The furniture inside the anteroom was beaten at the legs and corners. The carpet smelled of mildew. The secretary, playing hunt and peck at
the typewriter, looked like a temp. She buzzed O’Brien after I gave her my name, and he came out of an inner office to meet me. I guess I’d expected a younger man—an up-and-comer. But he was in his late forties. Thin, stoop-shouldered, bald. He had a movie mortician’s face—long, dour, sunken, vaguely haunted about the eyes. He held out his hand and I shook with him.
“I just want you to know, before we start here, that I didn’t take this case on my own. It was assigned to me by the court.”
I nodded. “I understand.”
“I don’t like Terry Carnova. But he’s my client, and he’s getting a raw deal.”
“He’s getting what he deserves,” I said.
“Why don’t you hold off on that until I’ve had a chance to say my piece?”
He waved me through a door into the inner office. Kitty Guinn was sitting on a tufted couch across from O’Brien’s desk. She didn’t look at me as I sat down beside her. But I could tell from her pallid face that she was nervous.
O’Brien settled in behind the desk, shooing away some loose papers in front of him.
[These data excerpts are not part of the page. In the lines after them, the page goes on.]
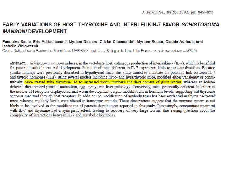 Wiener Klinische Wochenschrift Volume 115, Numbers 5 -6 (2003), 182 -185, Autoimmune thyroid diseases in patients with chronic fasciolosis Mustafa Demirci, S. Ercan Tune, Namik Delibas, M. Numan Tamer, Irfan Altuntas and Metin Korkmaz Methods Thyroid function of 32 patients with CF and 72 patients without fasciolosis infection was evaluated biochemically. Thyroid hormones, antithyroglobulin antibodies (Tg. Ab) and antithyroid peroxidase antibodies (TPOAb) were measured. Results In patients with CF, the prevalences of autoantibodies against thyroid peroxidase and thyroglobulin were 21. 9% (7/32) and 15. 6% (5/32) respectively. However, thyroid function disorder was identified in only 3 (9. 4%) cases. In the control group, TPOAb and Tg. Ab were determined in 2 (2. 7%) cases, but no one had thyroid function disorder. The prevalences of thyroid autoantibodies (χ2: 7. 948, p < 0. 01) and autoimmune thyroid diseases (χ2: 4. 007, p < 0. 05) were significantly higher in the CF group. Conclusions The high prevalence of TPOAb and Tg. Ab in CF suggests that patients with CF should be evaluated for autoimmune thyroid disorders at the time of diagnosis and during the follow -up period.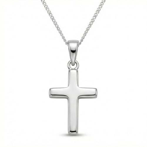 Alexander Castle Small 925 Sterling Silver Cross Necklace for Children - Silver Crucifix Necklace Pendant with 16" Sterling Silver Chain & Jewellery Gift Box - 31mm x 18mm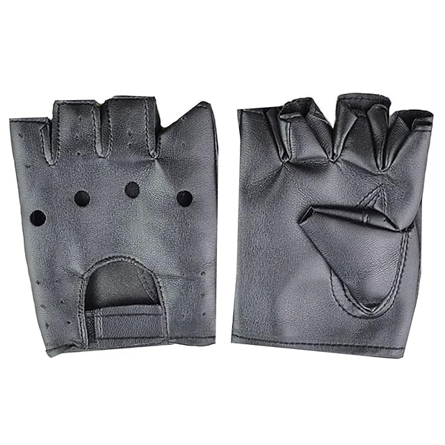 CHROME CRANE(クロム クレイン) メンズ 手袋 グローブ 指なし レザー 革 バイク サイクリング トレーニング TB022 (01.ブラック)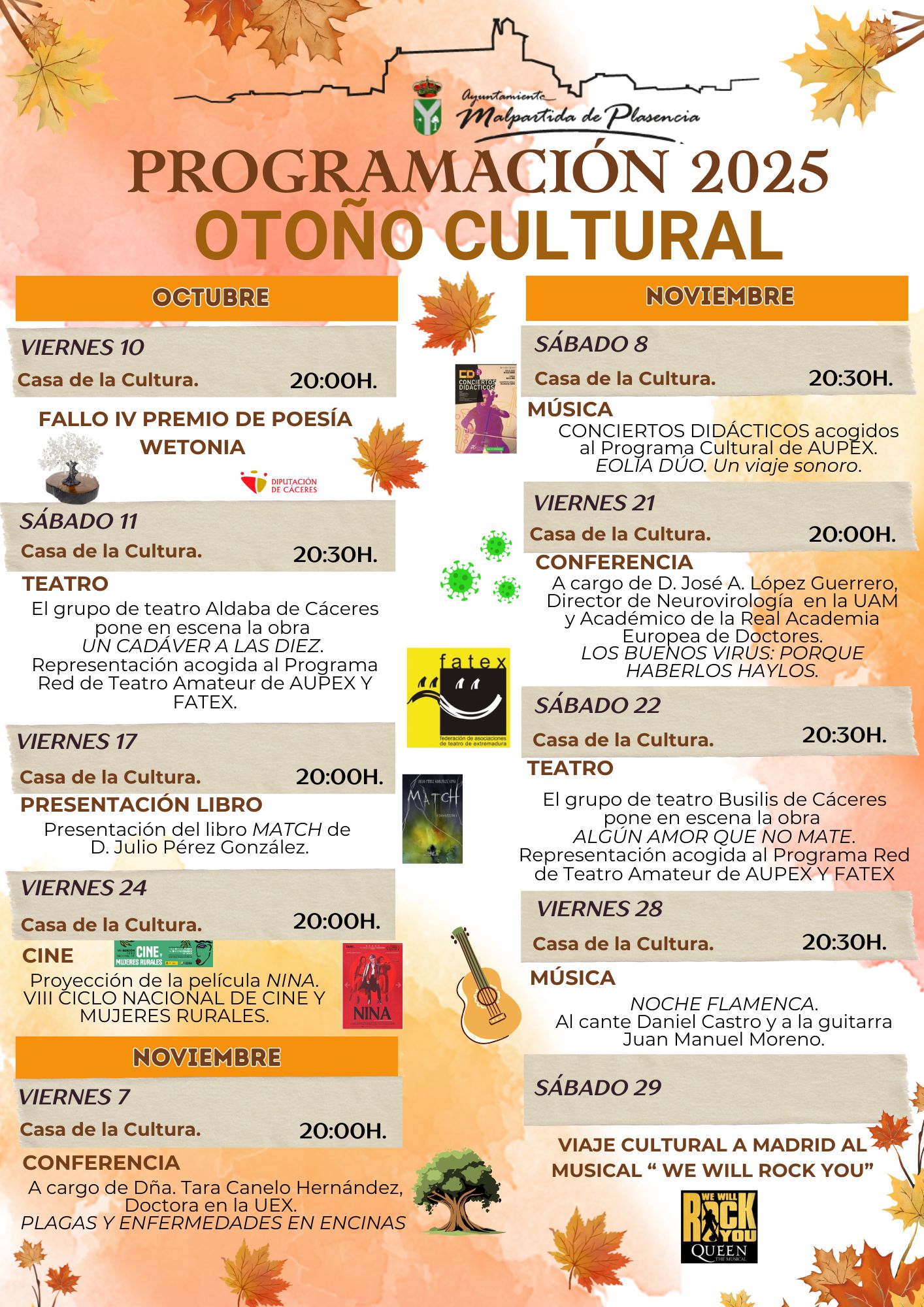 l Ayuntamiento de Malpartida de Plasencia, a través de su Concejalía de Cultura, invita a todos los vecinos y vecinas a participar en la Programación de Otoño Cultural 2025, que se celebrará en la Casa de la Cultura durante los meses de octubre y noviembre.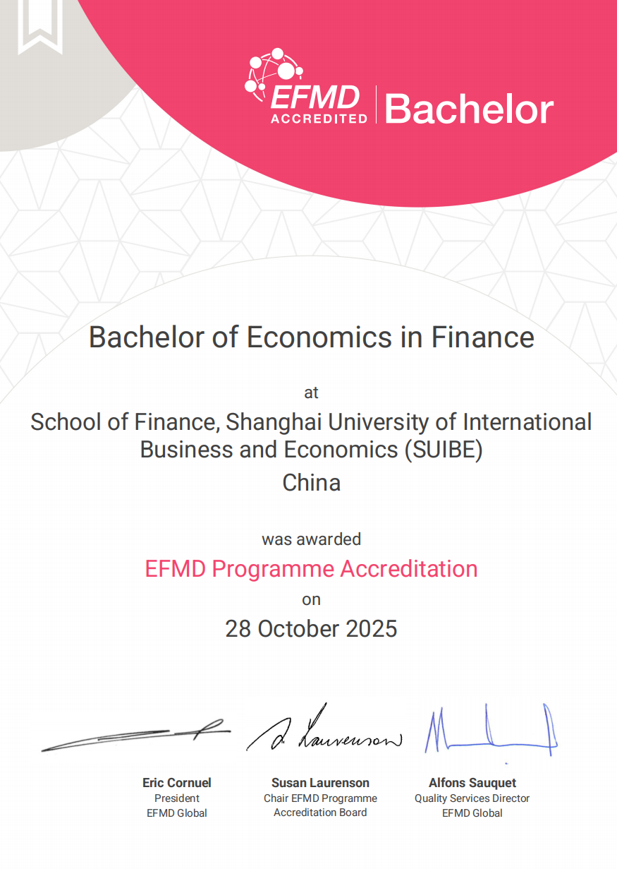 近日,我校金融管理学院金融学专业本科项目正式通过欧洲管理发展基金会(EFMD)国际认证,首期认证期为三年。EFMD认证是全球管理教育领域最具影响力的权威认证之一,以评估严谨、体系全面著称,是国际商科教育卓越品质的重要标志。获得该认证标志着我校金融教育质量达到国际公认一流标准,确立了我校金融教育在国际领域的领先地位。

“You’ve met Kitty, I know.” He smiled at the girl and she smiled back at him anxiously. She was wearing a white summer dress that made her look like a candle wrapped in tissue paper. “Kitty, why don’t you tell Mr. Stoner what you’ve told me?”
“I done already told him,” she said in a shaky voice. “Terry didn’t kill that man.”
O’Brien smiled without showing his teeth—tight-lipped, like a man with loose dentures.
“Is that it?” I said.
“That’s part of it.” He linked his fingers and settled his hands on the desk, leaning forward. “Terry Carnova is protecting a friend of his. A boy by the name of Thomas Chard. Tommy T. to his friends. It was Tommy who committed the murder. Terry’s no more than an accessory.”
“Bullshit.”
“Yeah?” He leaned back again in his chair. “Let me ask you a question, Stoner. When Terry confessed to the murder, what weapon did he say he’d used?” He didn’t wait for me to reply, which was a good thing because I had no intention of talking about the interrogation. “He said he used a rock, didn’t he?”